# 400A single phase service



## cometman67 (Oct 19, 2011)

Hi I'm new to the forum. I'm an electrcian in new york and have a few questions. I have the oportunity to do a 400A single phase service for a local gas/grocery store. I have never done anything bigger than 200a before. I know I'm going to need a meter disconnect combo but I'm not sure on main conductors and grounding requirements. Single riser or parallel? How would you all do it? Thanks Cody


----------



## Speedy Petey (Jan 10, 2007)

cometman67 said:


> Hi I'm new to the forum. I'm an electrcian in new york and have a few questions. I have the oportunity to do a 400A single phase service for a local gas/grocery store. I have never done anything bigger than 200a before.


This is a pretty big jump. You have never even helped or been part of a crew that has done this?





cometman67 said:


> I know I'm going to need a meter disconnect combo...
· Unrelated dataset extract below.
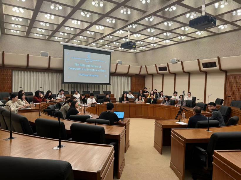 傍晚,香港大学主办方邀请香港前沿金融机构摩根大通的高管Andy及分析员Kevin,为研学师生做分享,主题为金融企业和投资银行在行业中扮演的角色和对未来发展的展望。
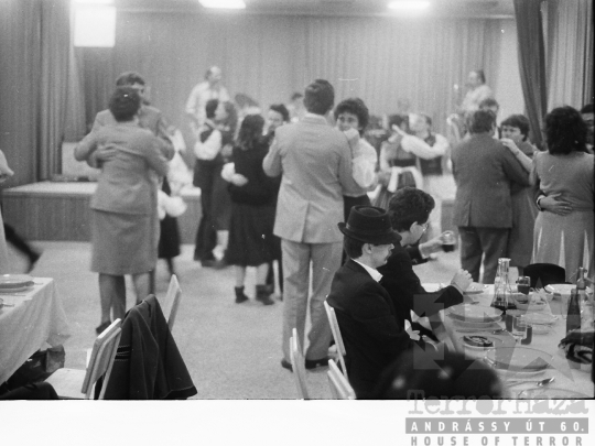 AZONOSÍTÓ: THM-BJ-00740 Zenészek asztal mellett játszanak. [TOTÉV: Tolna megyei Tatarozó és Építő Vállalat 1950. október végén a megyeszerte működő kisipari szövetkezetek összevonásával alakult meg, 1968 közepére szocialista középvállalattá nőtte ki magát Tm. Tanácsi Építőipari Vállalat néven.] HELYSZÍN: Szekszárd, Tolna megye DÁTUM: 1977 FOTÓS: Bakó Jenő

How do you know this? Is the panel very far into the structure?





cometman67 said:


> .... but I'm not sure on main conductors and grounding requirements. Single riser or parallel? How would you all do it? Thanks Cody


It all depends on how you want to do it. I think many would do a single riser with parallel SEC and panels.


----------



## Shockdoc (Mar 4, 2010)

What jurisdiction are you performing in ? Con Ed, LIPA, Niagra ?


----------



## Speedy Petey (Jan 10, 2007)

Shockdoc said:


> What jurisdiction are you performing in ? Con Ed, LIPA, Niagra ?


Good point. Do any NYS utilities require an outside disco? I don't know of any.


----------



## cometman67 (Oct 19, 2011)

RG&E is the electric company. The owner talked to the engineer and he said we needed the meter disconnect combo. I'm a maintenance mechanic and mostly work on machines but do some residential on the side. I just don't have the experience with something like this.


----------